体調の良好なときや、楽しみな予定がいくつも待っているときは、希死念慮は水面下に潜む。
一方で、体調不良と戦っているときには、希死念慮が現れやすい。



希死念慮はふわ〜と浮かぶように現れることもあれば、突き上げるように激しく現れることもある。
後者の現れ方はまるで発作のようで、本当に苦しい。

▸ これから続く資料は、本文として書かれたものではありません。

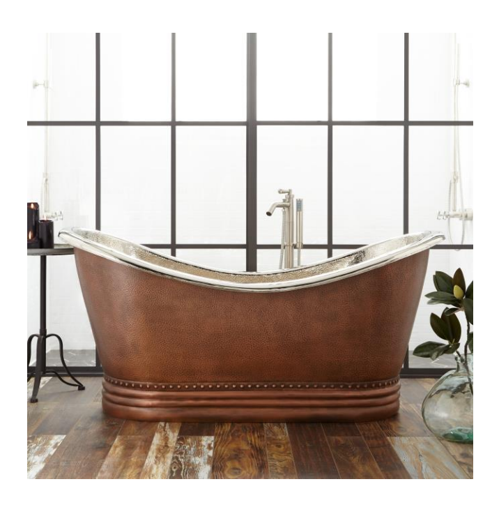
CSA B45.12/IAPMO Z402

Code: SH480172, SH474279, SH474280, SH474281, SH474285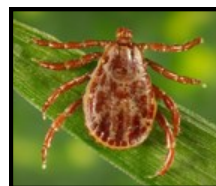
Rocky Mountain Wood Tick Not in Iowa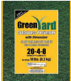
Step One 20-4-8 50% SCU Crabgrass Control

Choose the fertilizer products that's right for your unique lawn. If a program is right for your lawn, choose from a select combination of professional turf fertilizers to realize greater value in caring for your lawn.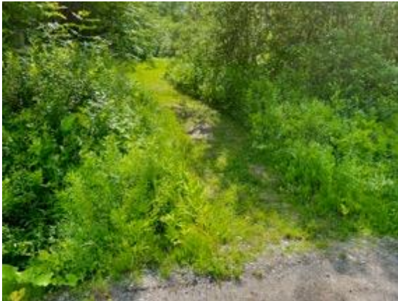
Entry from Bragg Hill Road is narrower than a vehicle

Images were shot on 20 June 2021 during semi-drought conditions.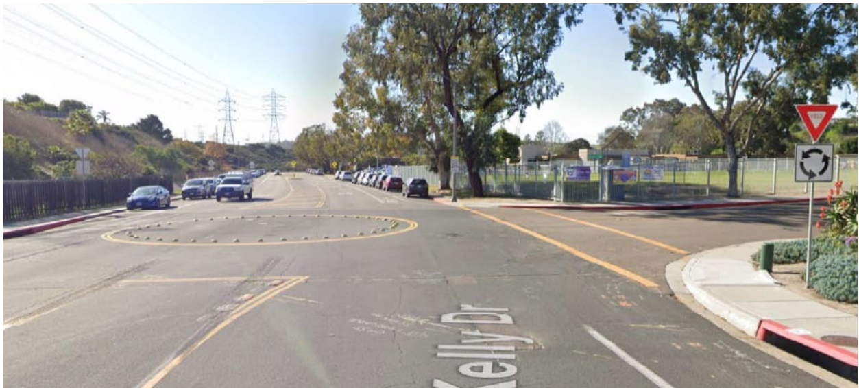
Phase II-B – Horizontal Diversion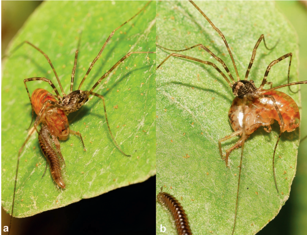
Figure 5.—Subadult male F. inconstans competing with a Schedotrigona sp. millipede over a scavenged amphipod in Lower Hutt. (a) Millipede and harvestman feeding on an amphipod. (b) The harvestman was successful in retaining the scavenged food and moved away from the millipede.

spiders, including two separate observations of an adult male of F. pureora trapped in the web of the sheet-web spider, Cambridgea sp. (Desidae) (Fig. 7d), and an adult male of P. phocactor trapped in the web of an unidentified araneoid spider (Araneidae or Theridiidae). A web-building pirate spider, Australomimetes sennio (Urquhart, 1891) (Mimetidae), captured a female of F. pureora in Rotorua (B. McQuillan pers. comm.). An adult male F. inconstans was observed being eaten by a cave orbweaver, Taraira (= Meta ) rufolineata (Urquhart, 1889) in Kahurangi National Park, Tasman (D. Hegg pers. comm.). Finally, in Lower Hutt, Wellington, an adult male of F. inconstans was captured and eaten by a cobweb spider, Theridion zantholabio Urquhart, 1886 (Theridiidae) (U. Schneehagen pers. comm) (Fig. 7b).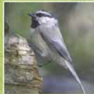
Mountain Chickadee Parus gambeli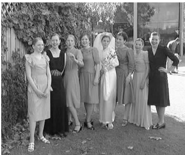
Launch on 25 July at Unley Museum of the latest exhibition, "Was your Granny Groovy?" Year 10 students from Concordia College presented a fashion parade of clothing from the 1940's.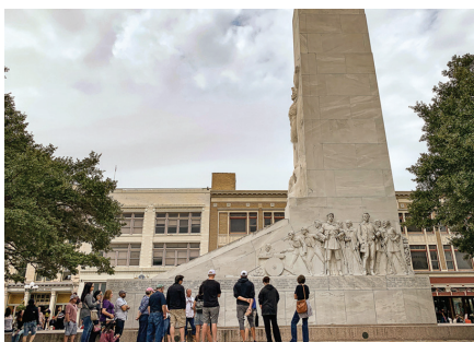
1936 “Spirit of Sacrifice” cenotaph.

The THC approves any work permit pertaining to State Antiquities Landmarks, which the Alamo was designated as in 1983. As part of the Alamo Master Plan project, the THC has worked closely with the City of San Antonio, the Texas General Land Office, and the Alamo Trust since 2016. The THC has granted several Phase One permits involving sensitive archeological and other work done impacting the Long Barracks, church, and Alamo Plaza.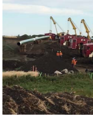
Sept 14/18 Welding shacks at kick off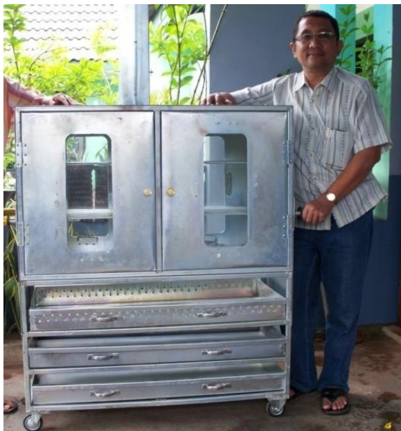
Fig 4. Ergonomic, mobile and portable fish smoke machine.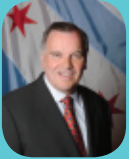
Mayor Richard M. Daley Chicago, Illinois Founding U.S. Chair and Director

おさまるまで数時間はかかる。




私にとっては、ただ生きる、それだけのことがとても面倒臭い。



発達障害という、生まれつきの脳機能の不便を抱えているため、普通に社会生活をするだけで人一倍疲れる。 

感覚過敏を持っているため、普通の人ならどうってことない刺激にも疲れる。

共感覚を持っているため、脳に入る情報が過多になりがちで疲れる。

花粉、雨天、季節の変わり目、生理前といった時期的な要因でも体調を崩す。

これらだけで十分すぎるくらい面倒臭い。

少しでも改善したくて婦人科や心療内科に通院し、自分で色々な健康法も実践しているが、それらの努力すらも面倒臭い。


私にとってこの世界は、不調のトリガーが多過ぎる。

一切のトリガーのない世界に行きたいという、ただそれだけの理由で早く死にたいと思う。






それでも私は、9割の惰性と1割の希望で生きている。





9割を占めてる惰性とは、「自殺するのも面倒臭いから仕方なく生きている」という状態を指している。


自殺には膨大な手間がかかる。

絶対に失敗しない方法を探さないと。
自殺死体の第一発見者には精神的苦痛を与えるだろうから、その人に渡す慰謝料も用意しておかないと。
自宅で自殺するとしたらアパートが事故物件になってしまうから、損害賠償費用も用意しておかないと。
荷物も全部処分しないと。
SNSのアカウントも消去しないと。
…などなど考えると非常に面倒臭い。



それに自殺には失敗のリスクがある。

自殺の後遺症で、首から下が麻痺で動かなくなったり、植物状態になったりして、もう自殺を試みることもできず、不自由な体で生き続けるしかない…という人がいる現実を私は知っている。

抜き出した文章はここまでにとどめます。